═════ DATA PROVIDED
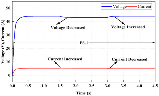 Load-varying conditions (LVC) are investigated by examining the OP behavior on the PS curve of Figure 3. At the rated load condition, the system is operating at maximum power point A with voltage Vmp = 56.15 V and current Imp = 6.84 A. An increase in load causes the OP to move from point A on load line L-1 to point B on L-3. This new OP has a voltage of Vpv3 = 60.01 V more, while the current (Ipv3 = 4.947 A) is less as compared to Vmp and Imp at point A. However, a decrease in load forces the OP to shift to point C on L-2 causing a decrease in voltage (Vpv2 = 46.78 V) and an increase in the current (Ipv2 = 7.251 A) in comparison to Vmp and Imp at point A. As a result, load variations can be identified if the expression in (5) has been satisfied [35].
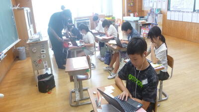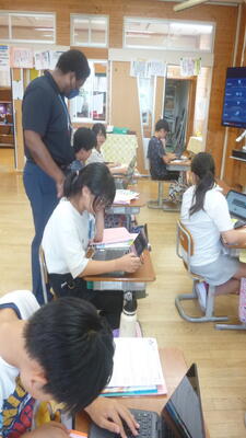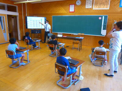 3年生は、ICT支援員さんといっしょにタブレットへのローマ字の入力方法を学びました。
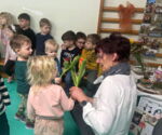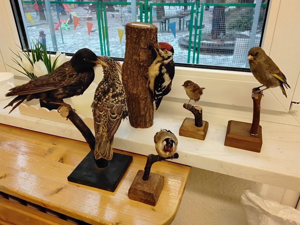 Interesse an der heimischen Vogelwelt und ihrem Schutz zeigte Herbert Schnabel schon in früher Jugend. Das notwendige Rüstzeug dazu erhielt er in der „Naturschutzschule“ von Heinz Kubasch in der Naturschutzstation Gräfenhain. Jetzt ist er bereits Rentner aber immer noch aktiv. Gleich nach der Vogelhochzeit besuchte er die Kita um Ihnen die verschiedenen Vogelarten zu zeigen. Zunächst hörten sie erst den Gesang der Vögel. Danach durften sie die Tiere hautnah erleben, aber natürlich ausgestopft. Geholt hatte er sich die wunderschönen Exemplare im Museum der Westlausitz in Kamenz. Elster, Amsel, Drossel, Fink und Star, alle waren dabei. Auch der Uhu und die Enten. Das Lied der Vogelhochzeit haben die Kinder daraufhin sofort angestimmt, worüber sich Herr Schnabel sehr freute.
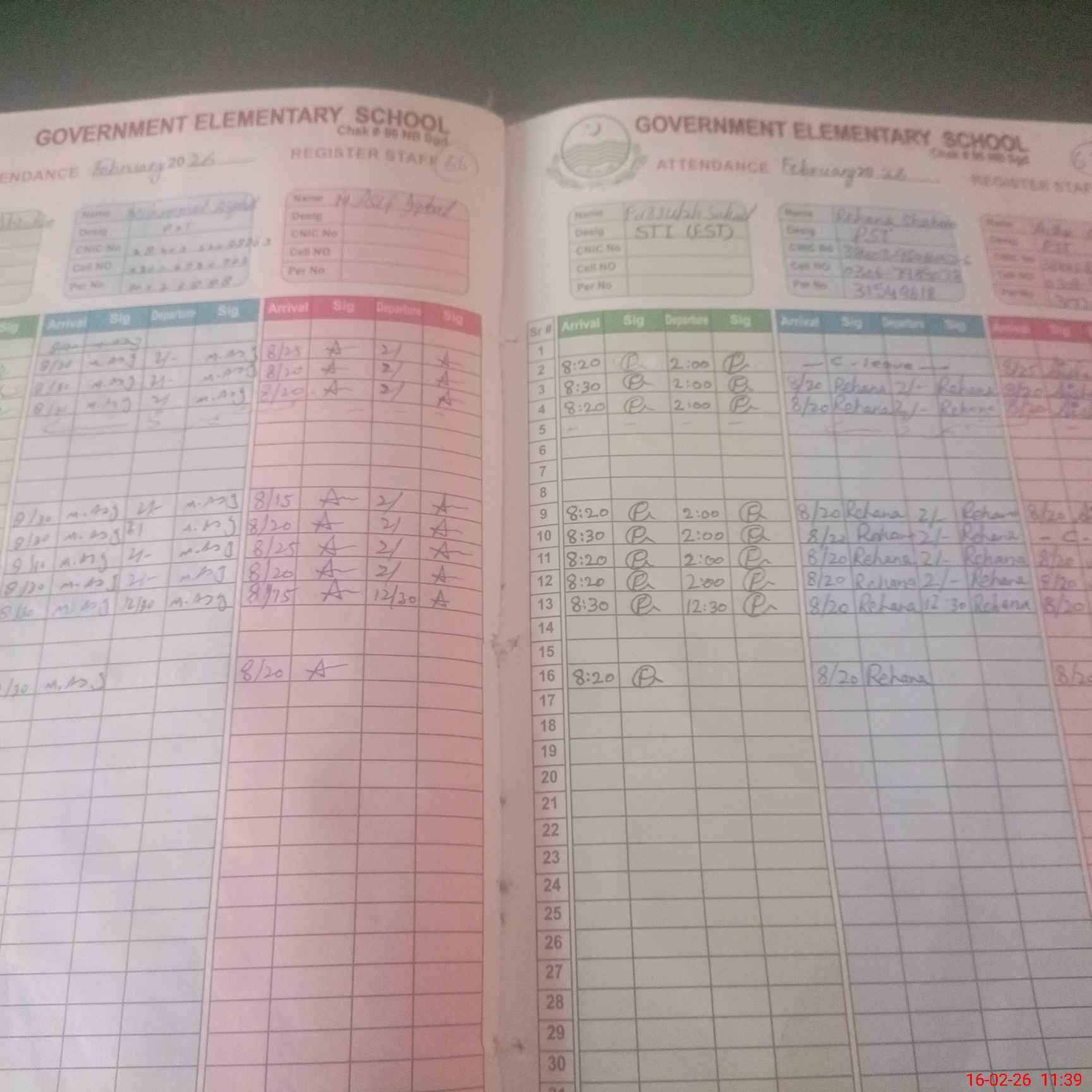 | CNIC | Full Name | Designation | R/C | Absence During Last Calender Month |
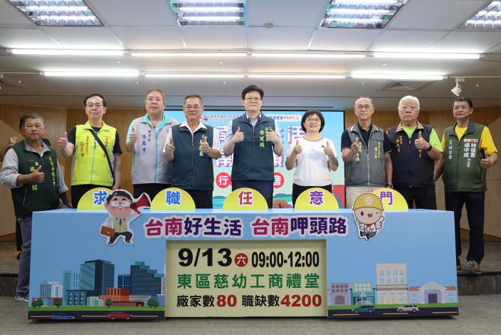 【記者楊朝欽/台南報導】超過4千個工作機會求才!台南市政府今年第3場「台南好生活 台南呷頭路」大型就業博覽會將於9/13上午9時至12時在東區慈幼高級工商職業學校辦理,今(9)日於永華市政中心舉辦記者會,副秘書長徐健麟代表市長黃偉哲與現場貴賓共同參加啟動儀式,鼓勵求職者來台南呷頭路,找到理想工作。
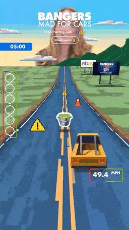 a 2023 lens project for a reality show presented by Ebay and Channel 4 called Bangers: Mad for Cars, based on snapchat. the user is to experience a peep of the reality show as a game (runner). i was the one who handled and edited the storyboard, as well as the artistic direction on a co-production (+ creation of the assets).
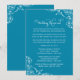 Ge en ljus och glad energi till er repetitionsafton med denna cerulean turkosa bröllopsinbjudan till middag. Vita scrollverk prydnader pryder hörnen medan flödande kalligrafi rubriker en söt rimmande dikt med alla detaljer för ceremonipraktik och middag. Den livliga blåa bakgrunden gör ett djärvt och inbjudande intryck. Varje element är fullt redigerbart för att perfekt matcha er fest.
══════════
[ACTIVITY]
Nothing but the lines from the one holding "Calender Month |" through the final line of the records above belongs in the answer, each retyped exactly; omit the pictures.

[REPLY]
 | CNIC | Full Name | Designation | R/C | Absence During Last Calender Month |
 【記者楊朝欽/台南報導】超過4千個工作機會求才!台南市政府今年第3場「台南好生活 台南呷頭路」大型就業博覽會將於9/13上午9時至12時在東區慈幼高級工商職業學校辦理,今(9)日於永華市政中心舉辦記者會,副秘書長徐健麟代表市長黃偉哲與現場貴賓共同參加啟動儀式,鼓勵求職者來台南呷頭路,找到理想工作。
 a 2023 lens project for a reality show presented by Ebay and Channel 4 called Bangers: Mad for Cars, based on snapchat. the user is to experience a peep of the reality show as a game (runner). i was the one who handled and edited the storyboard, as well as the artistic direction on a co-production (+ creation of the assets).
 Ge en ljus och glad energi till er repetitionsafton med denna cerulean turkosa bröllopsinbjudan till middag. Vita scrollverk prydnader pryder hörnen medan flödande kalligrafi rubriker en söt rimmande dikt med alla detaljer för ceremonipraktik och middag. Den livliga blåa bakgrunden gör ett djärvt och inbjudande intryck. Varje element är fullt redigerbart för att perfekt matcha er fest.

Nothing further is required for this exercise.